§ HOW TO COMPLETE THIS TASK: Write out the entries exactly, pictures excluded.

§ Dataset entries:
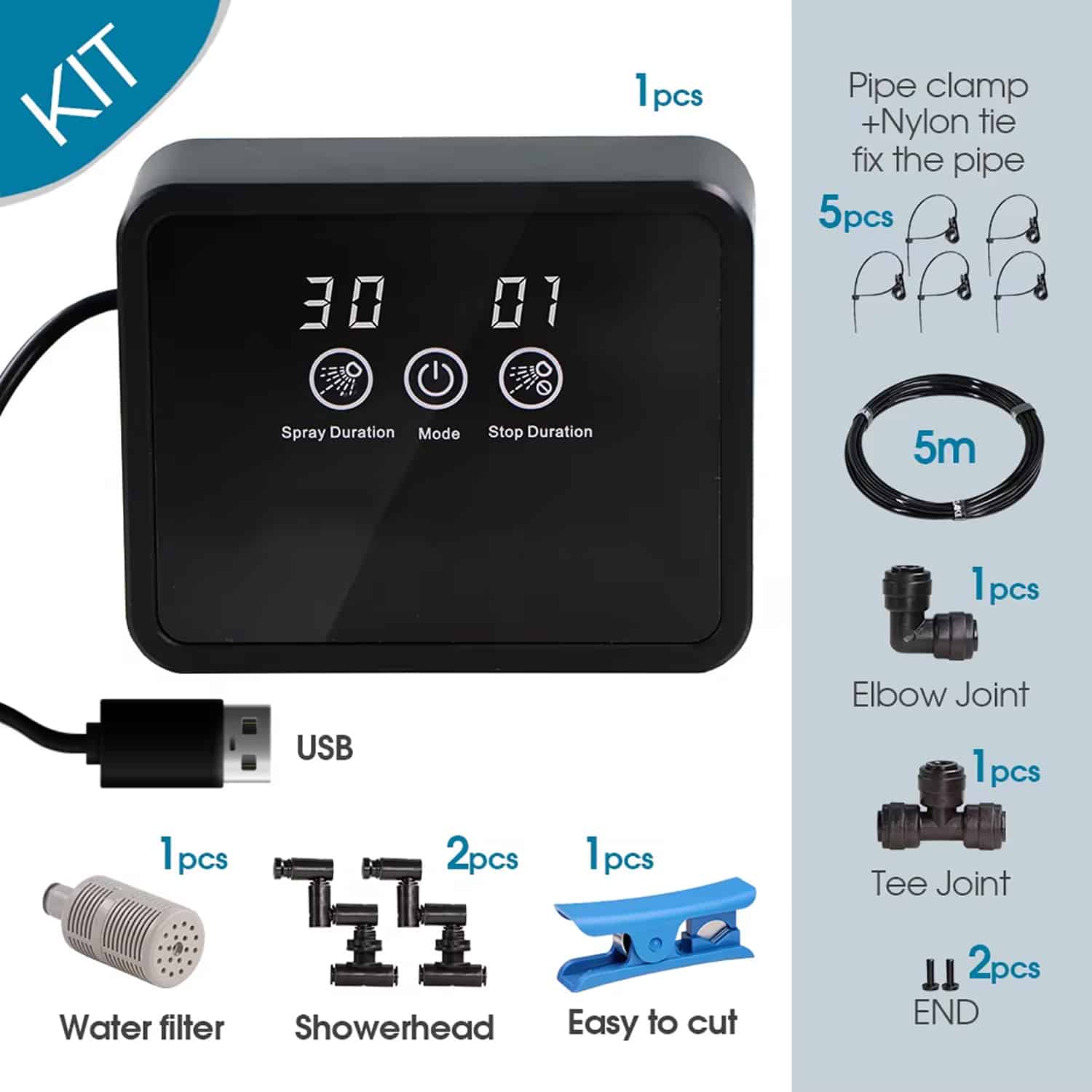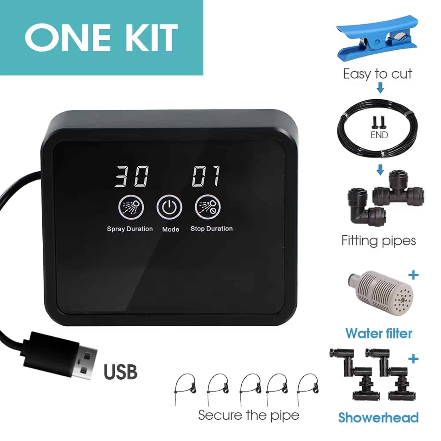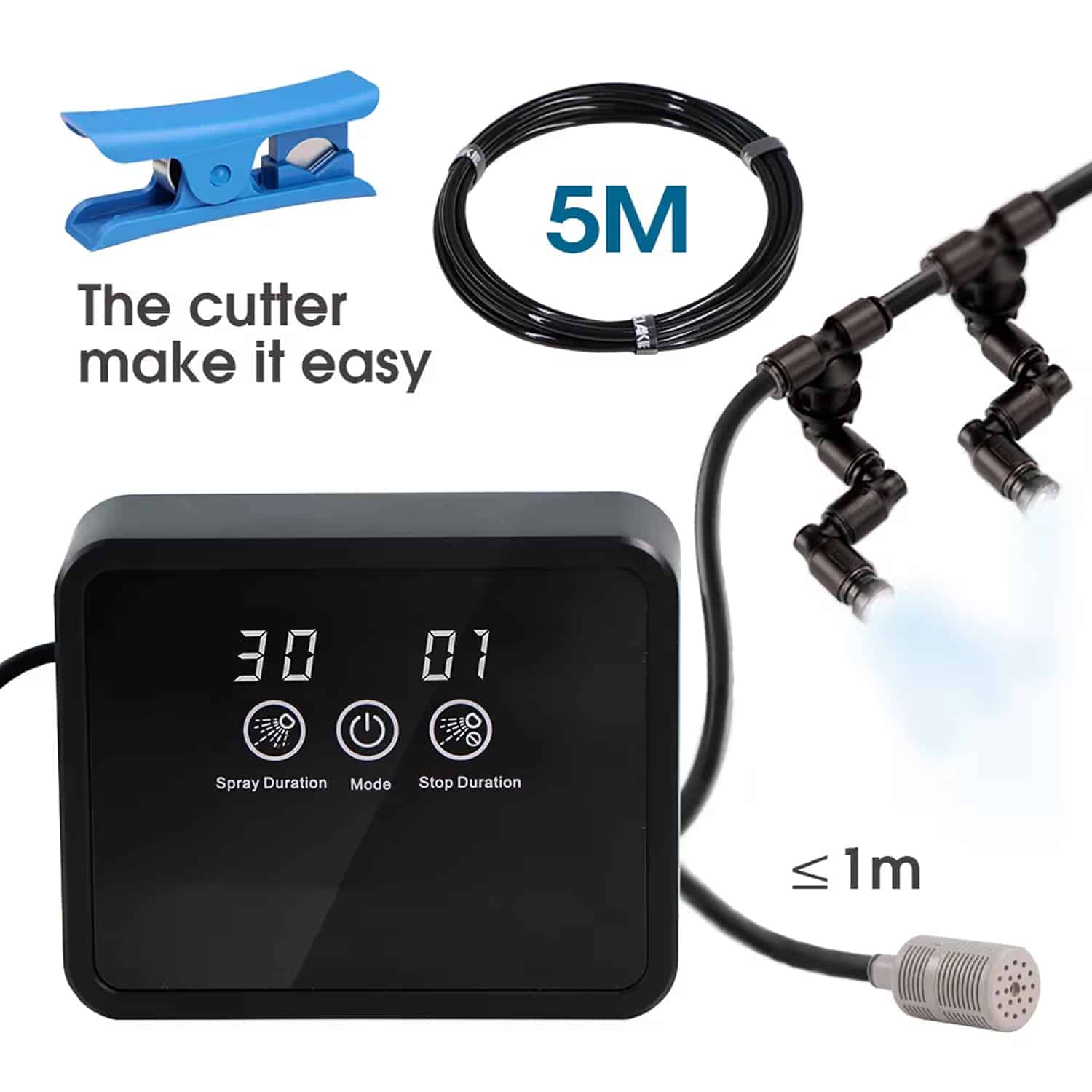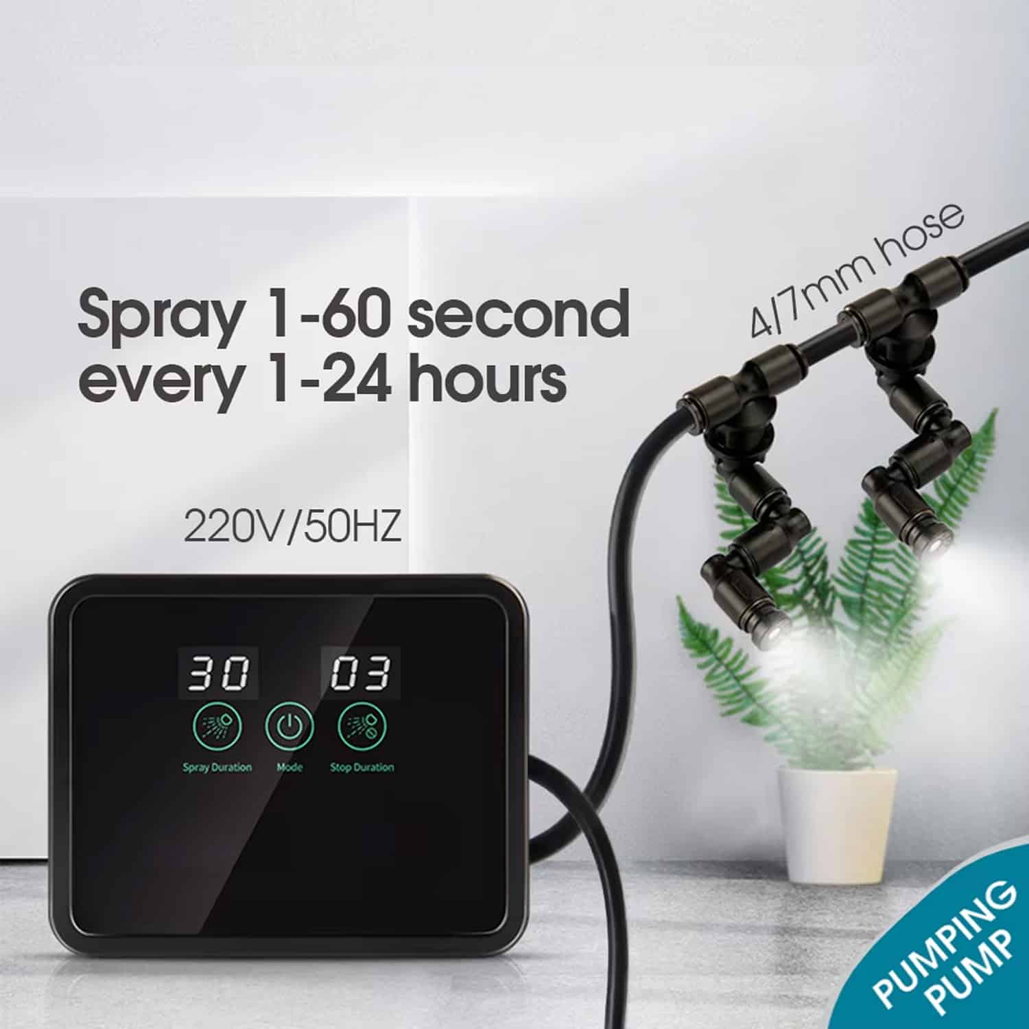 PlantyRix maintains perfect humidity through its programmable digital timer that allows precise control over mist duration and intervals. The system consistently delivers optimal moisture levels automatically, creating ideal environmental conditions for reptile health and comfort without manual intervention.
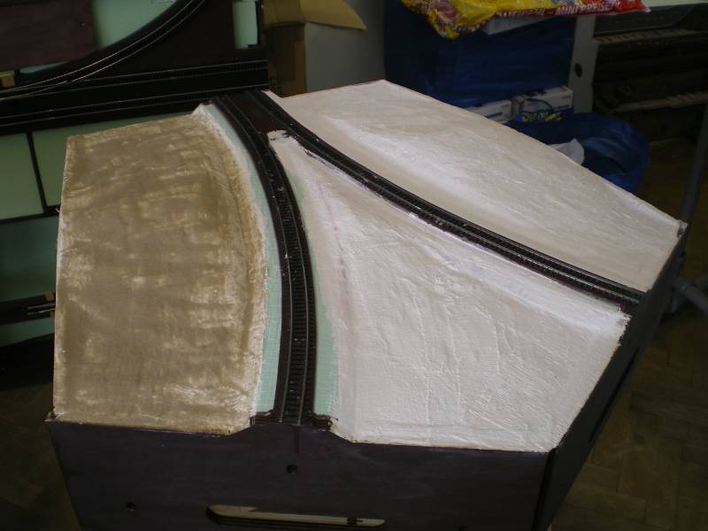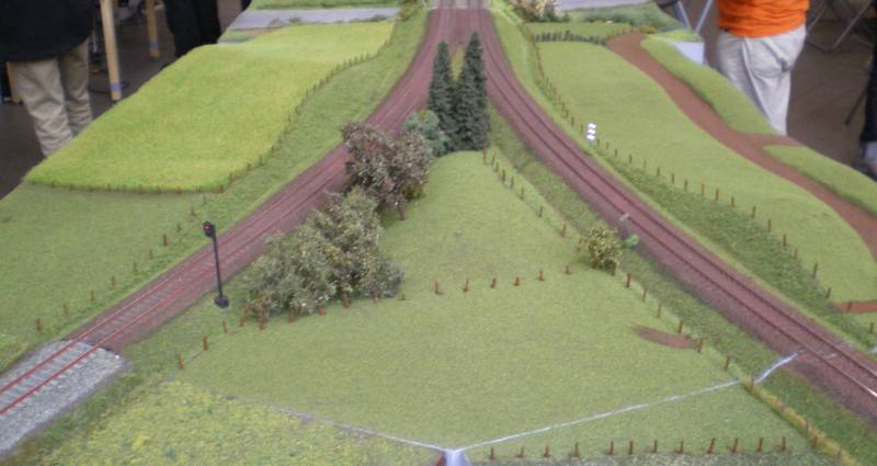Das Modul wurde zunächst grundiert und dann von außen vorgestrichen In einem nächsten Schritt wurde die Gleise verlegt und verkabelt und in einem weiteren Schritt wurde das "Urgelände" mit Hartschaumplatten aufgebaut. Der Abzweig wurde dann auch schon mal bei einem Modultreffen erfolgreich eingesetzt.
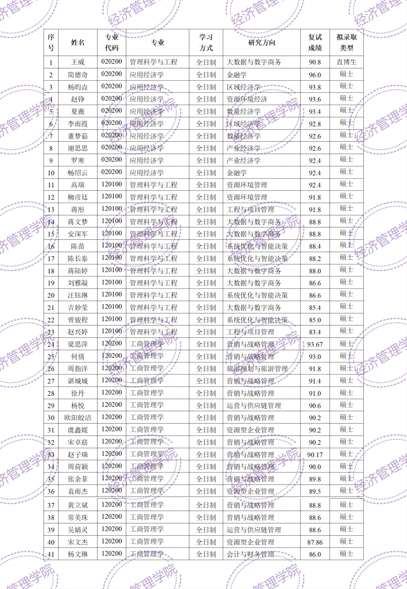 根据学校文件规定,经学生申请、太阳成集团tyc122cc入口组织复试选拔,现对我院2024年接收推荐免试研究生(学术型)拟录取名单予以公示,公示时间:2022年10月27日-11月5日。若公示期内对名单有异议,请联系太阳成集团tyc122cc入口研究生教育办公室。联系人:王老师联系方式:027-67883204,Email:360655881@qq.com。
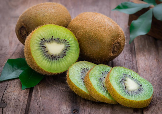 9- الكيوي: يُعتبر الكيوي أحد أكثر أنواع الفاكهة غنى بالفيتامين C الذي ينشّط إنتاج الكولاجين في البشرة ويؤخّر التجاعيد كما يعيد للجلد ليونته المفقودة.
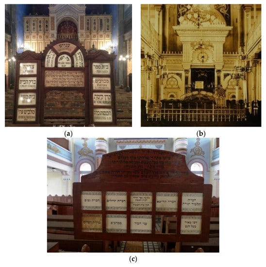 Examples of interchangeable signs. (a) Miskolc Kazinczy street (photo by the authors, 2016), (b) Orthodox synagogue, Prešov, today Slovakia (Jewish Museum in Prešov, Austerlitz’s Album), (c) Nyíregyháza (photo by Péter Somos, 2017). Used with permissions.
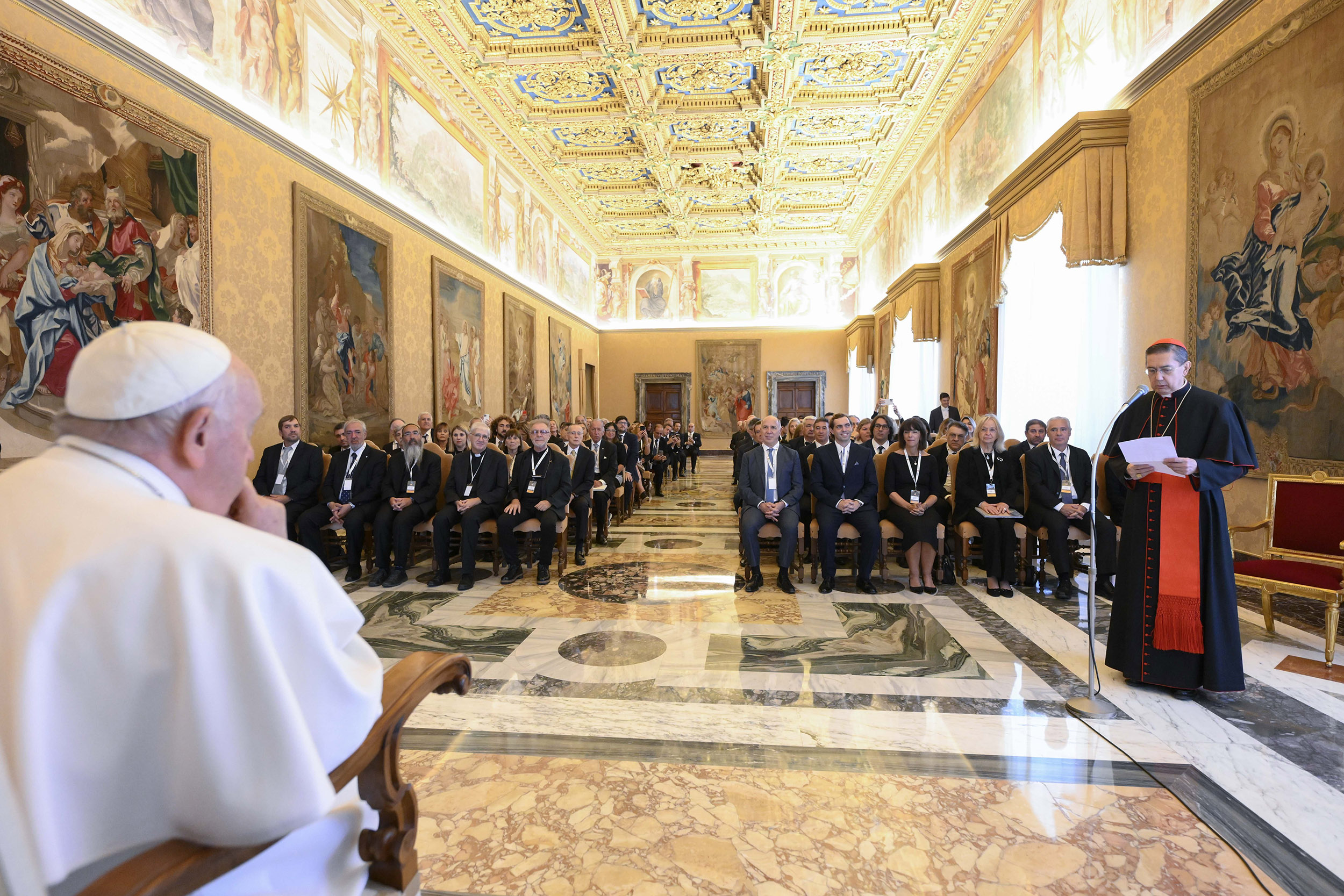 Cardinal Miguel Ángel Ayuso Guixot, prefect of the Dicastery for Interreligious Dialogue, speaks to Pope Francis at the start of an audience with participants in a conference sponsored by Argentina’s Institute for Interreligious Dialogue May 5, 2023, at the Vatican. (CNS photo/Vatican Media)
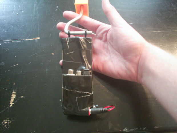 Ya que tengo la batería para encender la cámara he desidir para poner esto en el bloque también. Se trata en la parte inferior del bloque debido a su peso. también utilizar la gaffertape en este caso.

§ OUTPUT FOR THIS EXERCISE:
 PlantyRix maintains perfect humidity through its programmable digital timer that allows precise control over mist duration and intervals. The system consistently delivers optimal moisture levels automatically, creating ideal environmental conditions for reptile health and comfort without manual intervention.
Das Modul wurde zunächst grundiert und dann von außen vorgestrichen In einem nächsten Schritt wurde die Gleise verlegt und verkabelt und in einem weiteren Schritt wurde das "Urgelände" mit Hartschaumplatten aufgebaut. Der Abzweig wurde dann auch schon mal bei einem Modultreffen erfolgreich eingesetzt.
 根据学校文件规定,经学生申请、太阳成集团tyc122cc入口组织复试选拔,现对我院2024年接收推荐免试研究生(学术型)拟录取名单予以公示,公示时间:2022年10月27日-11月5日。若公示期内对名单有异议,请联系太阳成集团tyc122cc入口研究生教育办公室。联系人:王老师联系方式:027-67883204,Email:360655881@qq.com。
 9- الكيوي: يُعتبر الكيوي أحد أكثر أنواع الفاكهة غنى بالفيتامين C الذي ينشّط إنتاج الكولاجين في البشرة ويؤخّر التجاعيد كما يعيد للجلد ليونته المفقودة.
 Examples of interchangeable signs. (a) Miskolc Kazinczy street (photo by the authors, 2016), (b) Orthodox synagogue, Prešov, today Slovakia (Jewish Museum in Prešov, Austerlitz’s Album), (c) Nyíregyháza (photo by Péter Somos, 2017). Used with permissions.
 Cardinal Miguel Ángel Ayuso Guixot, prefect of the Dicastery for Interreligious Dialogue, speaks to Pope Francis at the start of an audience with participants in a conference sponsored by Argentina’s Institute for Interreligious Dialogue May 5, 2023, at the Vatican. (CNS photo/Vatican Media)
 Ya que tengo la batería para encender la cámara he desidir para poner esto en el bloque también. Se trata en la parte inferior del bloque debido a su peso. también utilizar la gaffertape en este caso.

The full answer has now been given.